Theodora Hadjimichael: We are not in the equity space so I cannot specifically comment on that, but I would love to reiterate my earlier points. From our perspective, there is a really big problem around accessing debt finance and small loans under £100,000 for small businesses looking to grow. Especially since the Covid schemes, we have seen that there is a real scarcity of longer-term affordable finance for very small businesses.
To reiterate the point around the recovery loan scheme, it is hugely important: 80% of CDFI lending is guaranteed by RLS. A lot of the really excluded groups, like women, ethnic minorities and businesses in low-income areas, tend to have less security. Property values are lower in more deprived areas. It is really important not only that the guarantee is extended but that it is extended very soon. It is ending in six months. For business planning purposes, we need assurance and continuity a lot sooner than June 2024.
Mikael Sørensen: Handelsbanken is not in the equity or venture space either. I have worked in five different countries, and I recognise some of the challenges that we have in the UK from those other markets, especially when it comes to venture and equity financing for smaller start-ups. There is definitely something that can be done there, but it is not a space that we are in.
Q129 Danny Kruger: You are suggesting that other countries that you have worked in have a better balance of equity and debt.
Mikael Sørensen: I recognise some of the challenges that we have in the UK in that space from other markets.
Danny Kruger: I see. This phenomenon is international.
Andrew Harrison: I would perhaps come at this from a slightly different direction. If you look across the different equity providers, venture capital firms, angel networks, etc. there is equity out there. To Lisa’s point, outside of London and the south-east, it becomes scarcer. It is easier to find here than it is outside of London and the south-east.
I would tie this to business support more generally. There is a lot of business support, but it is very fragmented. For businesses to get the support that they need to help them build a business plan, which will allow them to access equity, can be quite challenging. Our research would say that only 5% of businesses find support that they implement that then helps their business grow and be more successful.
There is a lot out there, but it is difficult to navigate. There are a couple of things that flow from that. There is a lot of grant funding. We believe there are around 1,000 different grant schemes across the UK, but it is hard for businesses to find the grant scheme that is relevant for them at that particular time and apply for it. Some businesses are doing that, but many are not. How can we make it easier to navigate?
We have accelerator programmes across the UK. We work with higher-growth businesses. One of our roles is to try to connect those businesses to the equity providers. Intermediaries can work to bring together smaller businesses with equity and make it easier for businesses to find the funding they need. It would be worthwhile for us to put some time and energy into thinking about how we might do that better.
Danny Kruger: That is very interesting. Thank you all very much.

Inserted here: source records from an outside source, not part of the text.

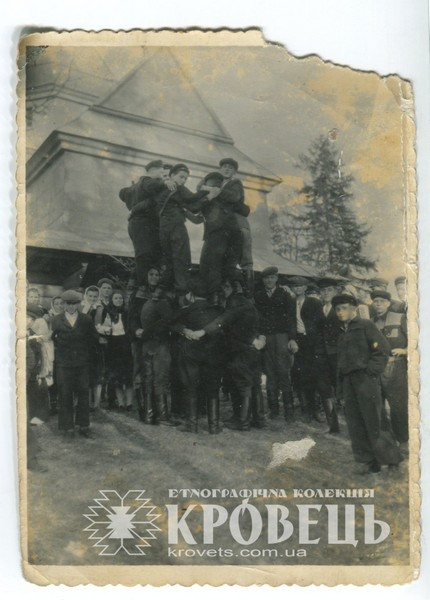 Світлина "Гурт людей. Забави біля церкви" (KYD1619), Гуцульщина, Івано-Франківська обл., Техніка: фотодрук, Матеріали: картон, фотопапір, Автор: Невідомий, середина ХХст., власник експонату: Етнографічна колекція "Кровець", власник прав на фоторепродукції: Етнографічна колекція "Кровець"
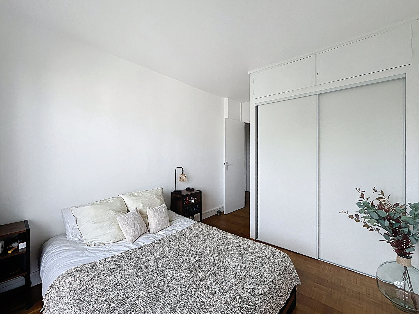 Il se compose d'un séjour lumineux ouvrant sur un grand balcon de 9 m² exposé ouest, sans vis-à-vis. La cuisine, indépendante et aménagée, dispose d'un cellier attenant. L'appartement offre également deux chambres confortables, dont l'une avec un accès direct au balcon, une salle de douche moderne et un WC séparé.
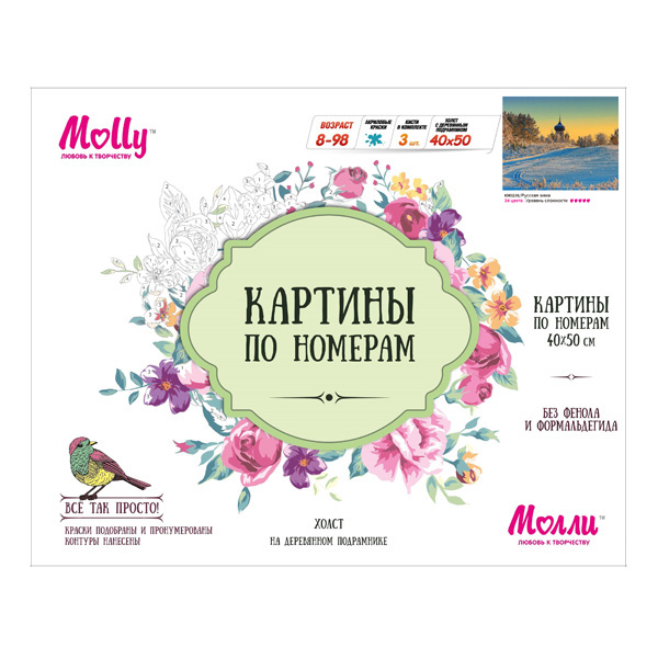 Увеличить Картина по номерам 40х50 Русская зима Артикул: KH0235 Нет в наличии 1 008 Р В корзину Купить в 1 клик В избранное Русскую зиму с бескрайними полями, усыпанными белым снегом, можно запечатлеть на холсте с помощью набора для рисования Молли. На заднем плане высится церковь с золтыми купалами. Снег потрясающе красиво сверкает от лучей закатного солнца.
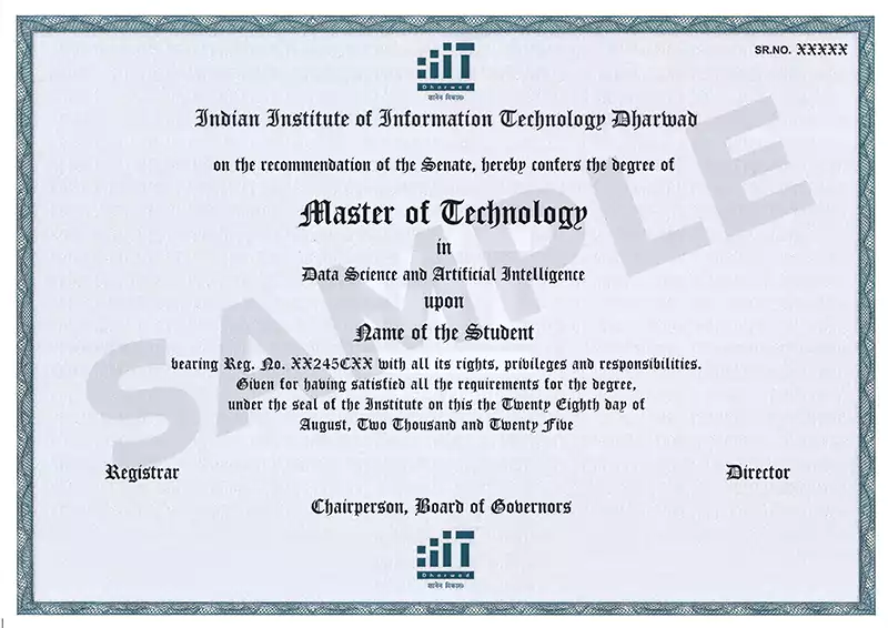 IIIT Dharwad now offers an M.Tech programme in Data Science and Artificial Intelligence, delivered online with the same quality, comprehensive coverage, and outcomes as its on-campus programme.
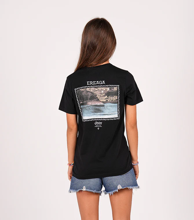 Camiseta Styling – Modelo Ereaga. Camiseta de manga corta en color negro con estampado pequeño en el pecho y gráfico grande en la espalda.
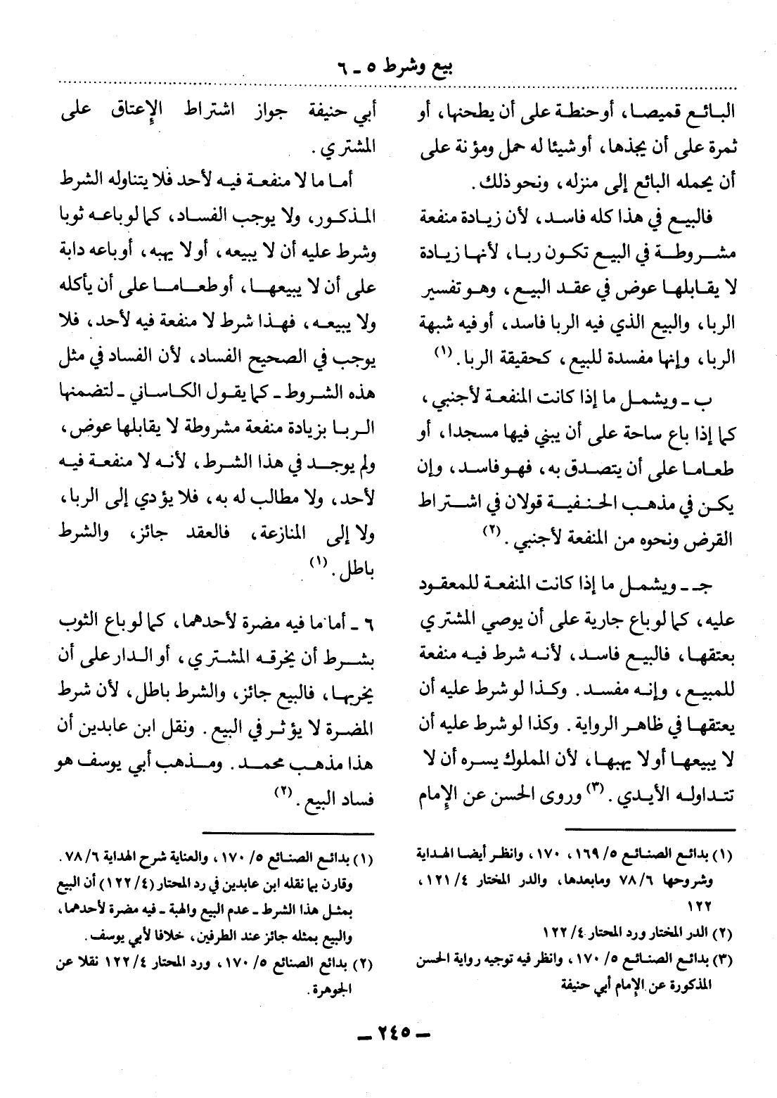 (1) بدائع الصنائع 5 / 170، والعناية شرح الهداية 6 / 78. وقارن بما نقله ابن عابدين في رد المحتار (4 / 122) أن البيع بمثل هذا الشرط - عدم البيع والهبة - فيه مضرة لأحدهما، والبيع بمثله جائز عند الطرفين، خلافا لأبي يوسف.

Q130 Keir Mather: I just had one final question, if that is okay. It is quite a general one. When the Governor of the Bank of England visited us recently to give evidence, he provided his assessment of the health of SME lending overall. He said, “Given what has happened”—this is the context of inflation and high interest rates—“this could be much worse. They are seeing some signs of pick-up in arrears, and some signs therefore of some problems emerging. The banks, for their part, are therefore quite cautious about lending at the moment, but there is not a block on lending”.

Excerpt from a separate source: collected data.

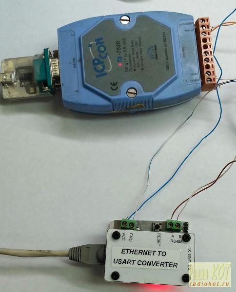 Проверим работу с RS485. Для этого разъединяем RX и TX конвертера, и подключаем переходник USB-RS485.
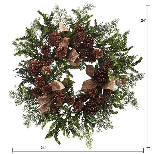 For those that love a more classic look, there is no finer selection than this beautiful pine wreath. A cluster of pinecones surround the entirety of the piece, making it perfect for any holiday event, and the brown burlap bows only highlight that wintertime beauty that a piece like this can create. It will never dry out, and also makes a perfect gift.
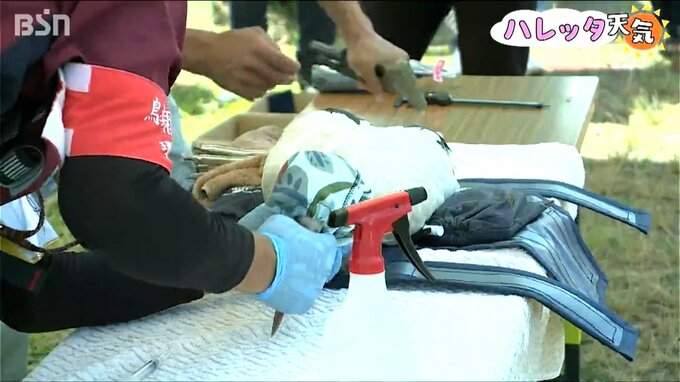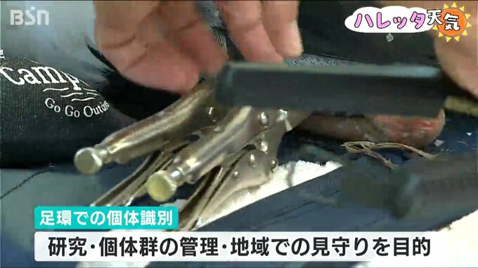 この日はひなを捕獲し体重や体長などを計測。足環を装着する作業が行われました。

I was just wondering whether any of you could provide an assessment of the Governor’s comments. Do you agree with the assertions that underlie the recent evidence he gave to us?
Mikael Sørensen: We see an increased number of arrears and customers coming into difficulties. Anything else would be quite strange. In our bank, we do not see anything worrying. As I said earlier on, we are almost at the same level today in terms of new lending as we were a few years back before coronavirus hit us.

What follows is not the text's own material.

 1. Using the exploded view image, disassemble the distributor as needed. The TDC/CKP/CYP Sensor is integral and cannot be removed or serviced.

We do not see any knock-on impact in that sense, but some of our existing customers definitely need a little more help and attention today than they did a couple of years ago.
Lisa Jacobs: We have seen a very resilient loan portfolio. A lot of the small businesses I speak to are very resilient—60% of them think that has improved through the pandemic. We saw a uniform manufacturer pivot to become a face mask manufacturer; a gin distributor that had sold through restaurants and hotels started to sell directly to consumers. We see this huge resilience and entrepreneurship within our small business community and among the small business customers we have. It has been very resilient. That has been down to this huge resilience and the way we do credit assessment.
There is a huge amount more choice and competition in the market than there was five or 10 years ago. That is definitely true over the period I have been close to small business financing. That is really important for addressing these blockers. There will be banks and lenders that take different views on different businesses. As long as choice and competition continue to encourage that, we will be in a much better place than we might have been.
At an aggregate level, there is still more we can be doing to get finance to small businesses. Small businesses drive growth in the economy. They are 60% of private sector employment. They have a huge impact. While there is not a block per se, there is more that could be done.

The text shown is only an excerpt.